**Task item**: Leave out the images; return the rest of the data exactly.

**Recorded information**:
________________________________________

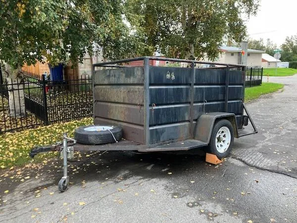 Super stout 12 foot long box trailer. Inside measures 96 long X 59 wide X 48 tall. Outside is 82 wide and 12 long. Drop down end ramp, 15 tires, hitch lock, jack and spare tire. $1000.00 Call 907-388-9943
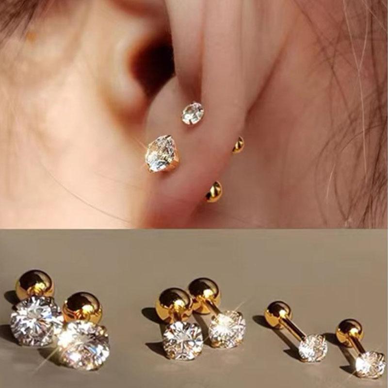 3 Pary Klasycznych Okrągłych Kolczyków Sztyftów z Cyrkoniami dla Kobiet, Stal Nierdzewna Damska Biżuteria do Piercingu Chrząstki, Tragus, Płatka Ucha, Daith
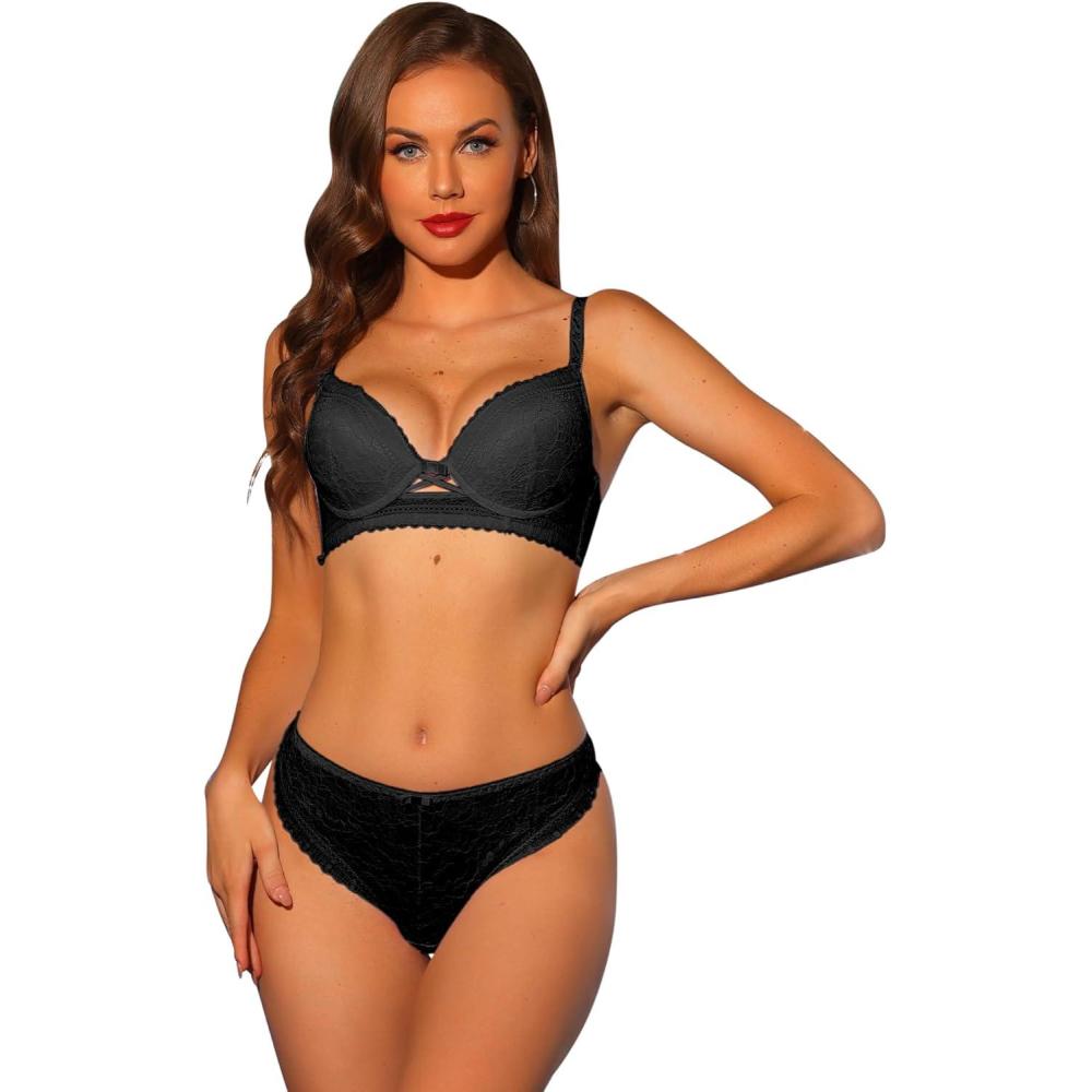 Allegra K Women's Lace Bra and Panty Set Padded Full Coverage Underwire Bras Two Piece Lingerie(Black)
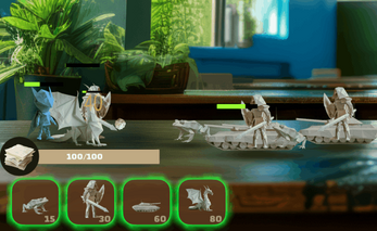 Concept: Two children battle using origami units. Players fold origami units to spawn them in a battle.

________________________________________

**Problem solution**:
 Super stout 12 foot long box trailer. Inside measures 96 long X 59 wide X 48 tall. Outside is 82 wide and 12 long. Drop down end ramp, 15 tires, hitch lock, jack and spare tire. $1000.00 Call 907-388-9943
 3 Pary Klasycznych Okrągłych Kolczyków Sztyftów z Cyrkoniami dla Kobiet, Stal Nierdzewna Damska Biżuteria do Piercingu Chrząstki, Tragus, Płatka Ucha, Daith
 Allegra K Women's Lace Bra and Panty Set Padded Full Coverage Underwire Bras Two Piece Lingerie(Black)
 Concept: Two children battle using origami units. Players fold origami units to spawn them in a battle.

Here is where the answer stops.